Copyright has been designated in different forms, depending on each legal regime, and especially if protection is emphasized on the rights of authors or on the right to disseminate a work. Author’s rights systems enhance the traditional and somewhat romantic notion of the flesh and blood person that creates by relying on her talent or sensibility and by utilizing tools in a workshop and making everything with her hands. On the other hand, copyright systems principally seek a balanced solution between the author and the entities that deliver the artistic content to the public. In copyright systems society plays an important role as the recipient of culture and ultimately, it has been society who would agree in protecting a work in order to have access to learning.

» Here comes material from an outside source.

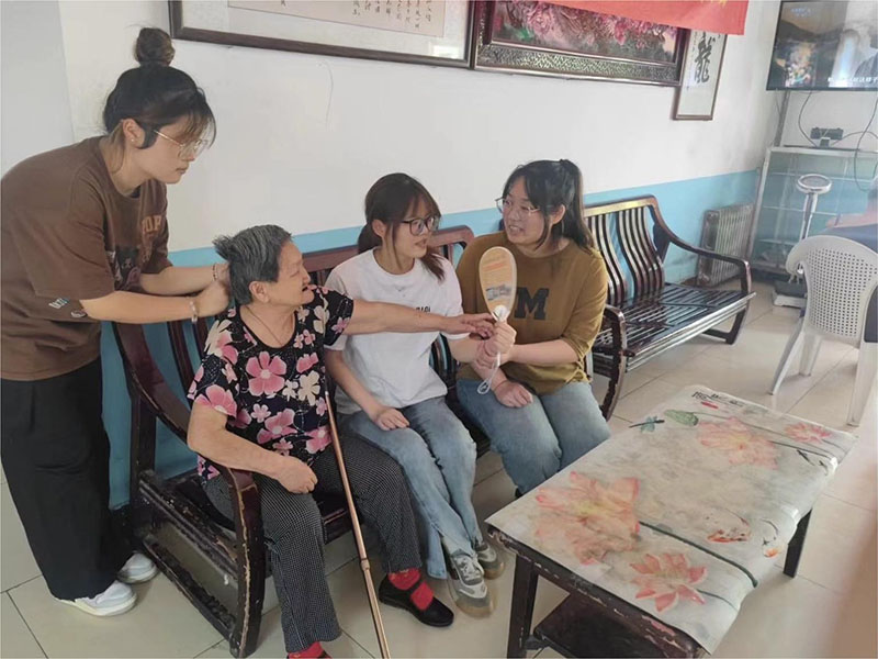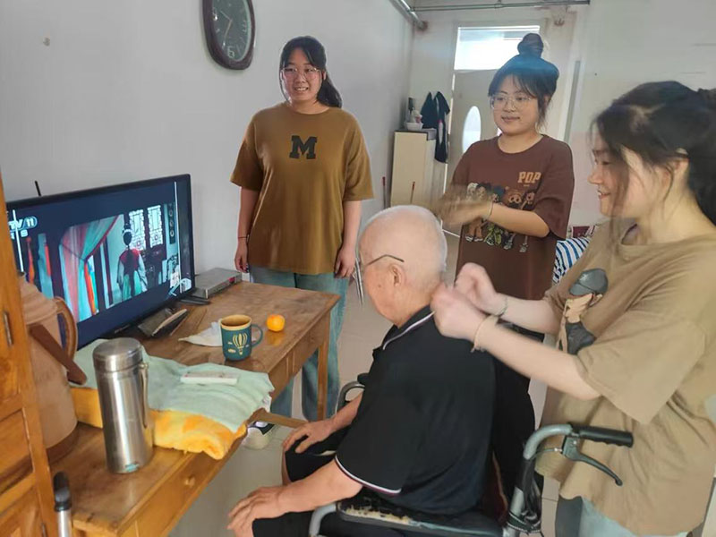 圖為實(shí)踐團(tuán)成員王楠給老人捶背

SPAIN V THE REST OF THE WORLD
Notwithstanding the above, in a number of jurisdictions in the Hispanic world, certainly led by Spain, the IP community has employed the term “Industrial and Intellectual Property Law”, instead of what the rest of the world designates just as “Intellectual Property”. In their view copyright – or better to say “author’s rights” – and intellectual property are synonym and equal terms. The expression “intellectual property” has been exclusively associated with the ideas of authorship and artistic creativity, while “industrial property” has been with inventive or mercantile expressions. Intellectual Property utilized as an inclusive name for copyright and industrial property, has had a meaning and value in the Anglo-Saxon world only, where the figure of the author has fainted just as it has happened in connection with the figure of the inventor.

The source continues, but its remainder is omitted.